▶ [Extracted records]
···
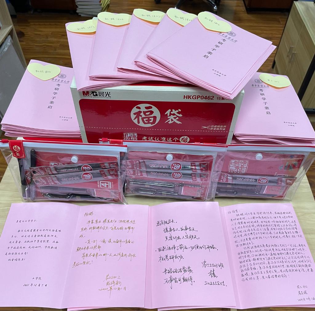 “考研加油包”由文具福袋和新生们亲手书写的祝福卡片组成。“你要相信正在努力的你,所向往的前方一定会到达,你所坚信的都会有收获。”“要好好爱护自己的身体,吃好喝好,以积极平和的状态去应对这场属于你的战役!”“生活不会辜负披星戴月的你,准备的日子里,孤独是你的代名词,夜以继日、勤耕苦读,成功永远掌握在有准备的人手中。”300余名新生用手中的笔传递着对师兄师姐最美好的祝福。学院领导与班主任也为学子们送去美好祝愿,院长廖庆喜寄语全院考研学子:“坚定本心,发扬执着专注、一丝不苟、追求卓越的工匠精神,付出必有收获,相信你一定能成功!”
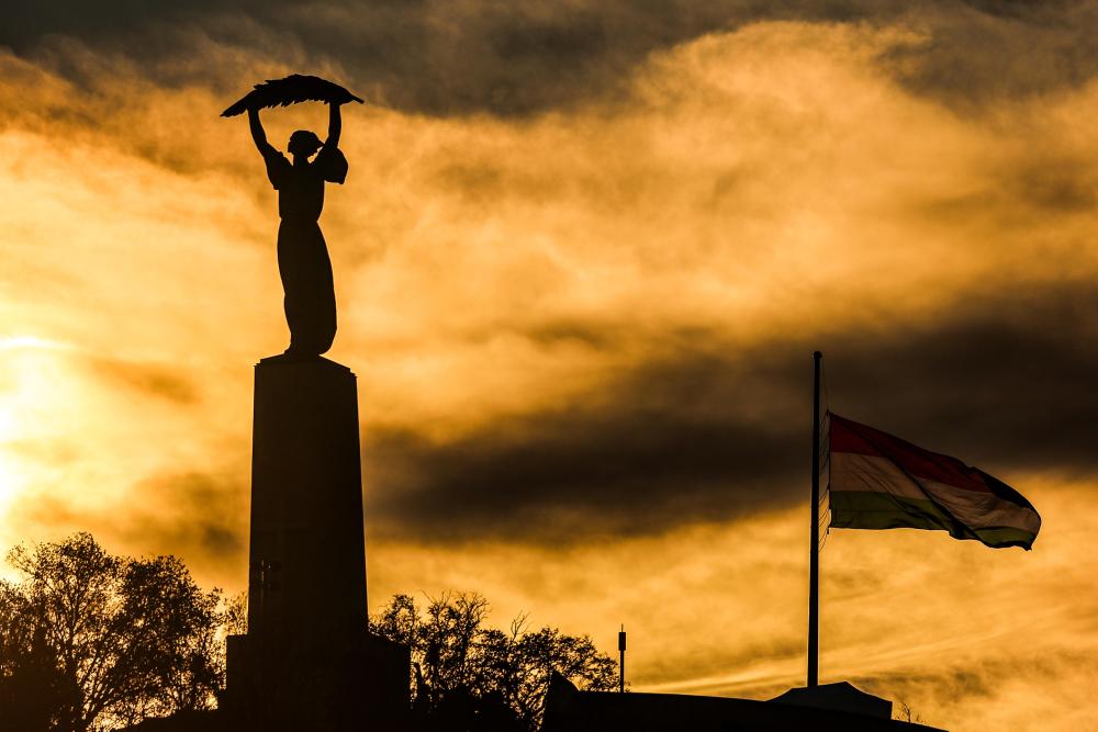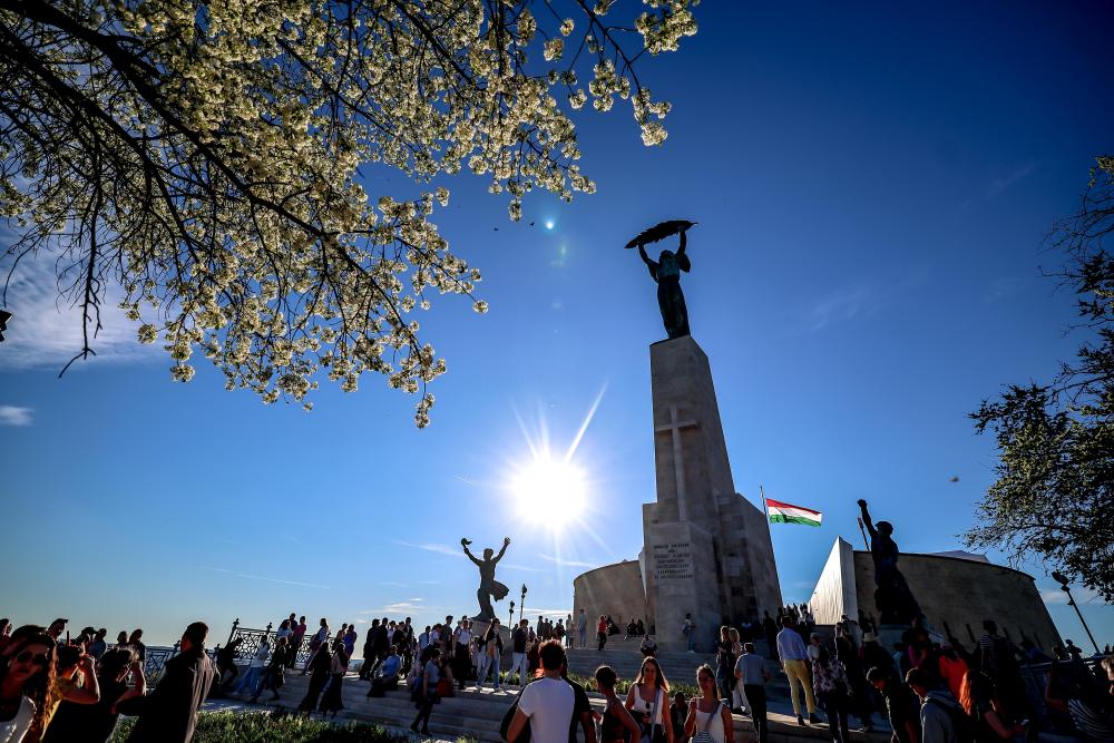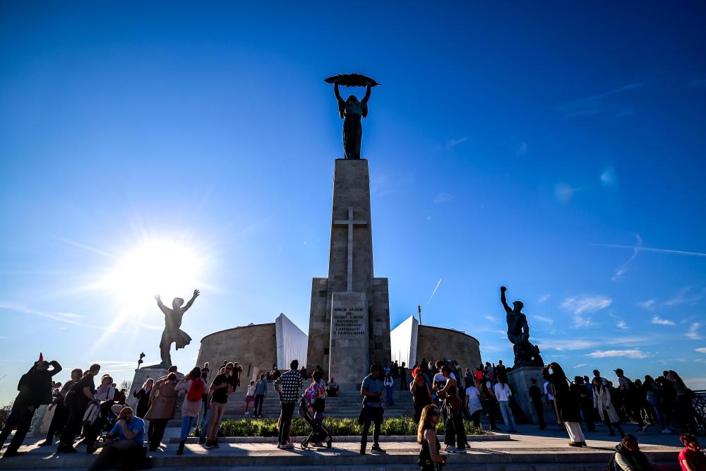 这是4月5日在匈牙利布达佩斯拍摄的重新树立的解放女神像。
···
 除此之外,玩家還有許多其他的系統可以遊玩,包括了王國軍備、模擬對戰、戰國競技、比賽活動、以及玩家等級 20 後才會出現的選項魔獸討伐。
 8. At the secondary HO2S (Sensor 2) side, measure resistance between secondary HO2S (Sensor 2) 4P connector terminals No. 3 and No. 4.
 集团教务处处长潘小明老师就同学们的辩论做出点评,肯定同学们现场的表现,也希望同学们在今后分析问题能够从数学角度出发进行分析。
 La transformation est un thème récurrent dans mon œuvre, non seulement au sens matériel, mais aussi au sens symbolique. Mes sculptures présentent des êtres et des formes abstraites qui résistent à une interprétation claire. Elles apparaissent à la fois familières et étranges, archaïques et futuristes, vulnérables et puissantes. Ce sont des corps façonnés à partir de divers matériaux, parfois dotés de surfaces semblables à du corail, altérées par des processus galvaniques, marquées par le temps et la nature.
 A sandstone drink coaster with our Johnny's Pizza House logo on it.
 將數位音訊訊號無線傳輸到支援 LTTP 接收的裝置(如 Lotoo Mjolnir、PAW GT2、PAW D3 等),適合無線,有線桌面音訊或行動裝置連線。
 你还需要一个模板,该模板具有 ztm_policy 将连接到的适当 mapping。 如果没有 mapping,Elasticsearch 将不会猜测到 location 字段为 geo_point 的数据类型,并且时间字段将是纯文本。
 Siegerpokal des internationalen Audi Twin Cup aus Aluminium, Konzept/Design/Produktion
···
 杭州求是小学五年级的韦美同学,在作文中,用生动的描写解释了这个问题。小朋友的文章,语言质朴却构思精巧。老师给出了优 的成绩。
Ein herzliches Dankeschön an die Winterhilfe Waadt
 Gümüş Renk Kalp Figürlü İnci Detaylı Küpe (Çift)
···
Using the listing above, copy exactly the line that contains "Ein herzliches Dankeschön", the line that contains "Gümüş Renk Kalp", and each line that falls between them.

▶ [Answer space]
Ein herzliches Dankeschön an die Winterhilfe Waadt
 Gümüş Renk Kalp Figürlü İnci Detaylı Küpe (Çift)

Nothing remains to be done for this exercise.